Making every vote count
Published 5:58 pm Saturday, February 28, 2009
Earlier this month, mere days after taking office, the President announced that the White House may take control of the Census Bureau. While many may see this move simply as meaningless bureaucratic reshuffling, it could have major and long lasting effects on every person in the United States.
Under the U.S. Constitution, the country conducts a census every ten years to determine apportionment to Congress. Article I, Section 2 mandates “Enumeration” to determine the allocation of seats for each state in U.S. House of Representatives. By extension, the census also determines the composition of the Electoral College, which chooses the president. In addition, the results of this process are a major factor in deciding where congressional district lines are drawn within each state.
Through redistricting, political parties can maximize their own party’s clout while minimizing the opposition. If one party were to control the census, it could arguably perpetuate its hold on political power. The results of the census are also enormously important in another way – the allocation of federal funds. Theoretically, a political party could disproportionately steer federal funding to areas dominated by its own members through a skewing of census numbers. This could shift billions of federal dollars for roads, schools, and hospitals over the next decade from some parts of the country to others because of population-driven financing formulas.

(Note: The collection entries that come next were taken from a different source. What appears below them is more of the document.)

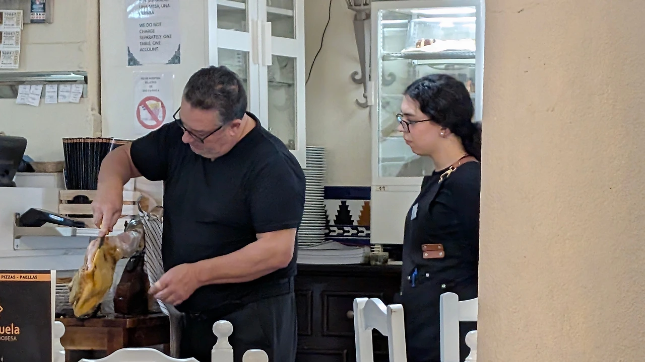 잠시 후 주방장은 하몽을 들고 와 맞은편 테이블에서 꽃잎을 떨구듯 한 조각씩 자르기 시작했다. 칼이 고기 결을 따라 스르륵 미끄러질 때마다 얇게 떨어지는 하몽의 향이 오감을 자극했다. 그는 은근히 자신의 칼솜씨를 자랑하는 듯했고, 주고받는 농담 속에서 저녁은 자연스럽게 이어졌다.
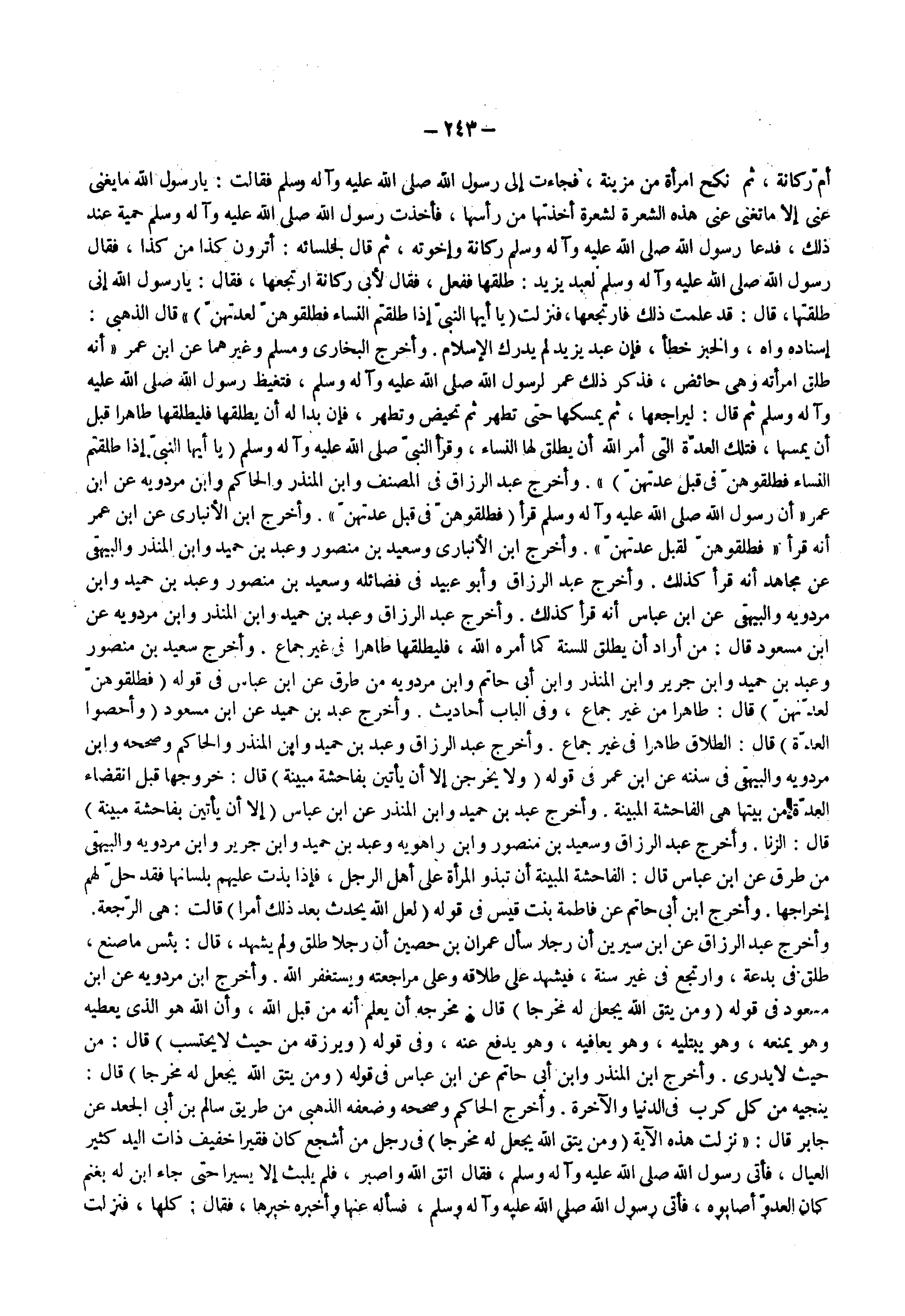 أم ركانة ثم نكح امرأة من مزينة فجاءت إلى رسول الله ( صلى الله عليه وسلم ) فقالت يا رسول الله ما يغني عني إلا ما تغني عني هذه الشعرة لشعرة أخذتها من رأسها فأخذت رسول الله ( صلى الله عليه وسلم ) حمية عند ذلك فدعا رسول الله ( صلى الله عليه وسلم ) ركانة وأخوته ثم قال لجلسائه أترون كذا من وكذا فقال رسول الله ( صلى الله عليه وسلم ) لعبد يزيد طلقها ففعل فقال لأبي ركانة ارتجعها فقال يا رسول الله إني طلقتها قال قد علمت ذلك فارتجعها فنزلت ( يا ايها النبي إذا طلقتم النساء فطلقوهن لعدتهن ) قال الذهبي إسناده واه والخبر خطأ فإن عبد يزيد لم يدرك الإسلام وأخرج البخاري ومسلم وغيرهما عن أبن عمر أنه طلق امراته وهي حائض فذكر ذلك عمر لرسول الله صلى الله عليه وإله وسلم فتغيظ رسول الله صلى الله عليه وإله وسلم ثم قال ليراجعها ثم يمسكها حتى تطهر ثم تحيض وتطهر فإن بدأ له أن يطلقها فليطلقها طاهرا قبل أن يمسها فتلك العدة التي أمر الله أن يطلق لها النساء وقرأ النبي صلى الله عليه وإله وسلم ( يا أيها النبي إذا طلقتم النساء فطلقوهن من قبل بعدتهن ) وأخرج عبد الرزاق في المصنف وأبن المنذر والحاكم وأبن مردويه عن أبن عمر ان رسول الله صلى الله عليه وإله وسلم قرأ ( فطلقوهن في قبل عدتهن ) وأخرج أبن الأنباري عن أبن عمر أنه قرأ فطلقوهن لقبل عدتهن وأخرج أبن الأنباري وسعيد بن منصور وعبد بن حميد وأبن المنذر والبيهقي عن مجاهد أنه قرأ كذلك واخرج عبد الرزاق وأبو عبيد في فضائله وسعيد بن منصور وعبد بن حميد وأبن مردويه والبيهقي عن ابن عباس أنه قرأ كذلك وأخرج عبد الرزاق وعبد بن حميد وابن المنذر وأبن مردويه عن ابن مسعود قال من أراد أن يطلق للسنة كما أمره الله فليطلقها طاهرا في غير جماع وأخرج سعيد بن منصور وعبد بن حميد وأبن جرير وأبن المنذر وأبن أبي حاتم وابن مردويه من طرق عن ابن عباس في قوله ( فطلقوهن لعدتهن ) قال طاهرا من غير جماع وفي الباب أحاديث وأخرج عبد بن حميد عن أبن مسعود ( وأحصوا العدة ) قال الطلاق طاهرا في غير جماع وأخرج عبد الرزاق وعبد بن حميد وأبن المنذر والحاكم وصححه وابن مردويه والبيهقي في سننه عن ابن عمر في قوله 0 ولا يخرجن إلا أن ياتين بفاحشة مبينة ) قال خروجها قبل انقضاء العدة من بيتها هي الفاحشة المبينة وأخرج عبد بن حميد وأبن المنذر عن أبن عباس ( إلا أن يأتين بفاحشة مبينة ) قال الزنا واخرج عبد الرزاق وسعيد بن منصور وابن راهويه وعبد بن حميد وأبن جرير وابن مردويه والبيهقي من طرق عن أبن عباس قال الفاحشة المبينة أن تبدو المراة على أهل الرجل فإذا بذت عليهم بلسانها فقد حل لهم إخراجها وأخرج أبن أبي حاتم عن فاطمة بنت قيس في قوله ( لعل الله يحدث بعد ذلك أمرا ) قالت هي الرجعة وأخرج عبد الرزاق عن أبن سيرين أن رجلا سأل عمران بن حصين أن رجلا طلق ولم يشهد قال بئس ما صنع طلق في بدعة وارتجع في غير سنة فيشهد على طلاقه وعلى مراجعته ويستغفر الله وأخرج ابن مردويه عن ابن مسعود في قوله ( ومن يتق الله يجعل له مخرجا ) قال مخرجه أن يعلم أنه من قبل الله وأن الله هو الذي يعطيه وهو يمنعه وهو يبتليه وهو يعافيه وهو يدفع عنه وفي قوله ( ويرزقه من حيث لا يحتسب قال من حيث لا يدري وأخرج أبن المنذر وأبن أبي حاتم عن أبن عباس في قوله ( ومن يتق الله يجعل له مخرجا ) قال ينجيه من كل كرب في الدنيا والآخرة واخرج الحاكم وصححه وضعفه الذهبي من طريق سالم بن أبي الجعد عن جابر قال ط نزلت هذه الآية ( ومن يتق الله يجعل له مخرجا ) في رجل من أشجع كان فقيرا خفيف ذات اليد كثير العيال فأتي رسول الله ( صلى الله عليه وسلم ) فقال أتق الله واصبر فلم يلبث إلا يسيرا حتى جاء أبن له بغنم كان العدو أصابوه فأتي رسول الله ( صلى الله عليه وسلم ) فسأله عنها وأخبره خبرها فقال كلها فنزلت
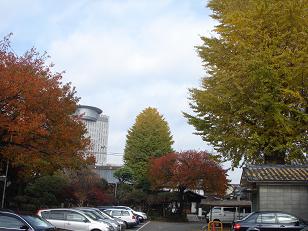 ウォーキング仲間との紅葉狩り昨日は都営地下鉄を白山駅で降りて白山神社のイチョウを見て(奥に見えるのは東洋大学のビル右下の屋根にはイチョウの落ち葉が溜まっています)小石川植物園へ。 7月23日に燭台大蒟蒻(ショクダイオオコンニャク)の花を見ようと駆けつけたら、大混雑で入園を断られた、あの小石川植物園です。昨日は入園入り口で「ショクダイオオコンニャクは 今 どこに?」と尋ねると「研究用の温室に入れてあるので、お見せできません」とまた断られ…紅葉狩りを楽しもうと歩いていると こんな看板が杜仲茶になる「トチュウ」の木でした。(黄色い葉は別の植物。向こうに見える緑の葉がトチュウの葉です)東京大学の植物研究施設である小石川植物園ニュートンのリンゴの木とかメンデルのブドウの木とか面白い植物がいろいろあります。悲しい事に、国立大学の研究費が足りないようです。トイレは古くて、しかも電灯は入り口にしかなくて 個室に入ると暗かった。外国から来た人が見たら幻滅するような有様。園内の地図が載ったパンフレットには「温室を改築する費用を寄付して下さる方は…」と書かれていました。日本庭園は綺麗に手入れされていてこの植物園の中に江戸時代の小石川養生所があったとかで養生所の井戸の跡がありましたが写真撮るのを忘れました。小石川植物園の後は徳川家康の生母が祀られているという伝通院へこれが 生母 お大の方と御供?3人並んだ石像がありました。伝通院は予算が豊富?綺麗な新しいビルもあり、山門のビルも建築中でした。あとは、文京シビックセンターまで歩いて25階の展望台に急いで立ち寄り小石川後楽園の紅葉も見て飯田橋駅からメトロに乗って帰ってきました。
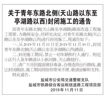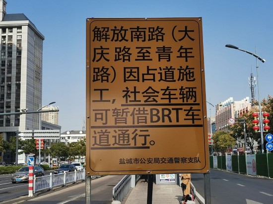 因盐城市区水环境治理工程需要,2019年9月20日至2020年1月20日占用解放路(世纪大道至大庆路)非机动车道和最右侧机动车道封闭施工。

A political party could influence census results to its benefit simply by the method it chooses to count residents. The Constitution authorizes Congress to direct an “actual Enumeration” of the American public every 10 years. By allowing the use of mathematical estimates to count residents, known as sampling, rather than going door-to-door, some districts and states could end up with more Members of Congress at the expense of others. By over counting here, and under counting there, manipulation could take place solely for political gain.
To mitigate these concerns and insulate the process from political influence, the Census Bureau currently resides within the Department of Commerce, and its director is confirmed by the Senate. Circumventing this structure would eliminate a critical check and balance of power. Moreover, the Census Bureau is now comprised mainly of civil servants who are focused on the most accurate results, not the most advantageous outcome. Under the auspices of the White House, the census would be conducted from the ground up exclusively by political staff. Such a move would undermine the independent manner in which all previous censuses have been conducted.
The census has assumed vast importance, high stakes, and tremendous political significance. Rather than leave population counting to an autonomous agency charged with getting the most accurate tally possible, under the proposed plan by the President, politicians would take over, giving one party significant advantage in the 2010 count.
The census should be conducted in a fair and accurate manner, using the best methods to determine the outcome, rather than responding to pressure from the White House. We must not let the census be used as a political weapon.